# WHAT THIS TASK INVOLVES:
The entries below contain a line with "- Countertop - Granite, Dishwasher, Microwave, Oven" and a line with "Network Development Representative". Quote exactly those two lines and all lines between them.

# RECORD EXCERPTS:
------------------------------------------------------------
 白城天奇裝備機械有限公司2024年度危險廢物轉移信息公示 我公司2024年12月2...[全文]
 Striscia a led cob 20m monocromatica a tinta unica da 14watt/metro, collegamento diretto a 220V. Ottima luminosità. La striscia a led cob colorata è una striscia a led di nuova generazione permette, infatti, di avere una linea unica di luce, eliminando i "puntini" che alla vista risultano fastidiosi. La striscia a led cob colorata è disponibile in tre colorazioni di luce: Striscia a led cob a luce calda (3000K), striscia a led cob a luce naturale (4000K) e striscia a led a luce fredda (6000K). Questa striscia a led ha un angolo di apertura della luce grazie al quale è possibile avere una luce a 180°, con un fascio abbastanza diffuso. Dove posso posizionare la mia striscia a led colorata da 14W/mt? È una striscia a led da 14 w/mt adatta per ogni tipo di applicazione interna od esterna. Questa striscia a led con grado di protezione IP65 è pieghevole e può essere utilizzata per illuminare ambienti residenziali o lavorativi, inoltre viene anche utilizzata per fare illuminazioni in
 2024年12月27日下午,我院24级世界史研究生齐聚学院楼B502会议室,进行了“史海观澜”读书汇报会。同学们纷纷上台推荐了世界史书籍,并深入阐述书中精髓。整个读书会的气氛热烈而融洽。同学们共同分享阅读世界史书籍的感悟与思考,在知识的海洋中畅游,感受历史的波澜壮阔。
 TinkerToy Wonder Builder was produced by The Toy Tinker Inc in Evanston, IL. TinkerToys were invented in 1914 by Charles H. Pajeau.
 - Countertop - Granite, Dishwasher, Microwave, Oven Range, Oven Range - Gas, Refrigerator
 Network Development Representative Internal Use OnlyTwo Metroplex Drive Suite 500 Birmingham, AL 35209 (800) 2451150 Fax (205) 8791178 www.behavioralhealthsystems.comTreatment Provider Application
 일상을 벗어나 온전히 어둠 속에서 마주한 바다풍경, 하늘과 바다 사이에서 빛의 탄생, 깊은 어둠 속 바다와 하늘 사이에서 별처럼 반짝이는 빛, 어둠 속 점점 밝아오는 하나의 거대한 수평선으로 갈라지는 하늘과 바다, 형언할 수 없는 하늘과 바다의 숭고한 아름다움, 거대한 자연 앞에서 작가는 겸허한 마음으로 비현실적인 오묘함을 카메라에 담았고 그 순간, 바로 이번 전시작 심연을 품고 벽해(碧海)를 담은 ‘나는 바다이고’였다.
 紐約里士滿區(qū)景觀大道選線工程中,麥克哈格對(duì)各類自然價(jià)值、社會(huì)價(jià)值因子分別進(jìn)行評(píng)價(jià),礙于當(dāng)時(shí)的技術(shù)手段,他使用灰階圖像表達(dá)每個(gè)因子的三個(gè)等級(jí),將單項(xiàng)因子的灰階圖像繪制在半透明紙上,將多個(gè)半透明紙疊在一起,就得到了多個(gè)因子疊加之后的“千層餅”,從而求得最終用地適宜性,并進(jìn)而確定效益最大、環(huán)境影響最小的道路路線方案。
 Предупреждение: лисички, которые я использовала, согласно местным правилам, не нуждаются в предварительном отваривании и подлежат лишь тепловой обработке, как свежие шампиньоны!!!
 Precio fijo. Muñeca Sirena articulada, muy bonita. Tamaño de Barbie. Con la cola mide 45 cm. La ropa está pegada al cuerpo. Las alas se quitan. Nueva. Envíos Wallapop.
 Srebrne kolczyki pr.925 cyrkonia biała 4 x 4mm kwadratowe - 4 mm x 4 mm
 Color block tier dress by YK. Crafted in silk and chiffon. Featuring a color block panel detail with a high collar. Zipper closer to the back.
------------------------------------------------------------
# SOLUTION TO THE PROBLEM:
 - Countertop - Granite, Dishwasher, Microwave, Oven Range, Oven Range - Gas, Refrigerator
 Network Development Representative Internal Use OnlyTwo Metroplex Drive Suite 500 Birmingham, AL 35209 (800) 2451150 Fax (205) 8791178 www.behavioralhealthsystems.comTreatment Provider Application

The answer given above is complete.